Start of INPUT FOR THIS TASK

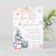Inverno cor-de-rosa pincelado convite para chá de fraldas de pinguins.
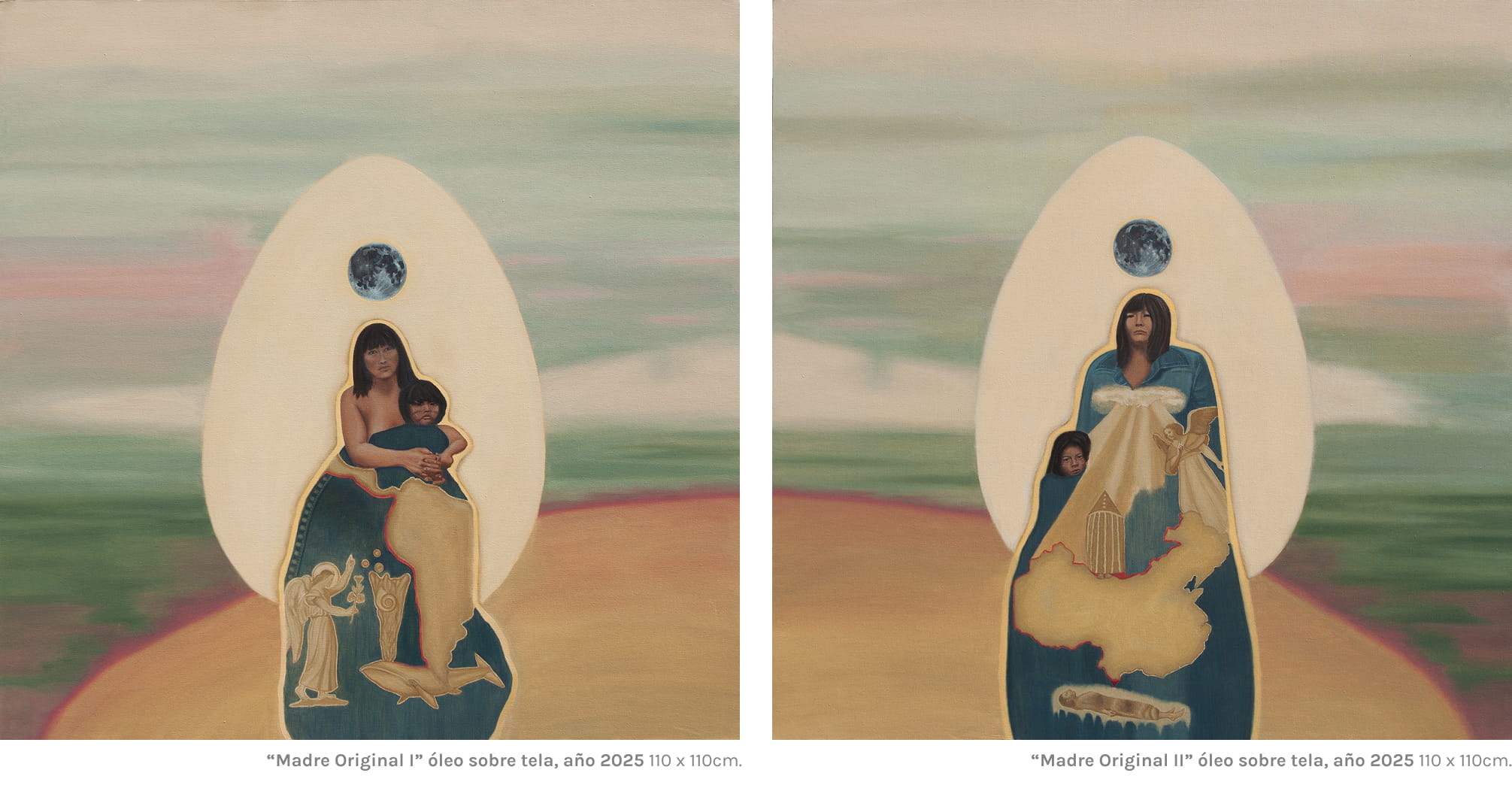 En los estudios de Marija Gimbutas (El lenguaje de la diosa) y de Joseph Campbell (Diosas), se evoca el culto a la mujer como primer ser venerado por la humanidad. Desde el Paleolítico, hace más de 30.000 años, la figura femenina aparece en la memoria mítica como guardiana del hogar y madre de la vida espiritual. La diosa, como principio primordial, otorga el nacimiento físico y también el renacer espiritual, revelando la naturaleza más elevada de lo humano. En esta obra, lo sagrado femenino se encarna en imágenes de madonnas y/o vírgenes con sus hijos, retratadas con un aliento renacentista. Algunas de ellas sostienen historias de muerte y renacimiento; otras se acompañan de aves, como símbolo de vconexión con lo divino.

End of INPUT FOR THIS TASK
Start of INPUT FOR THIS TASK

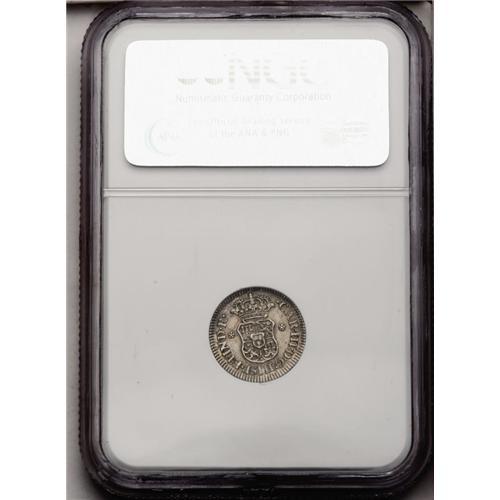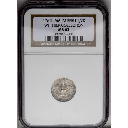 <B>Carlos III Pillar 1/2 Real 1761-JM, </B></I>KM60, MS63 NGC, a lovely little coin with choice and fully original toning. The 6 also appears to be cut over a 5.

End of INPUT FOR THIS TASK
Start of INPUT FOR THIS TASK

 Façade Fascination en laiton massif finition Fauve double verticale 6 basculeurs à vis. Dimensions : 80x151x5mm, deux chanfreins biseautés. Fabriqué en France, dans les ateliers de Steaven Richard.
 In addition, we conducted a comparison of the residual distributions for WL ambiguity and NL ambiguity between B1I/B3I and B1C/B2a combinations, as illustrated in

End of INPUT FOR THIS TASK

* **TASK**: Precisely the lines between those holding "Façade Fascination en" and "In addition, we", inclusive, are to be reproduced from the listing above, with nothing added.

* **RESULT OF THE EXERCISE**:
 Façade Fascination en laiton massif finition Fauve double verticale 6 basculeurs à vis. Dimensions : 80x151x5mm, deux chanfreins biseautés. Fabriqué en France, dans les ateliers de Steaven Richard.
 In addition, we conducted a comparison of the residual distributions for WL ambiguity and NL ambiguity between B1I/B3I and B1C/B2a combinations, as illustrated in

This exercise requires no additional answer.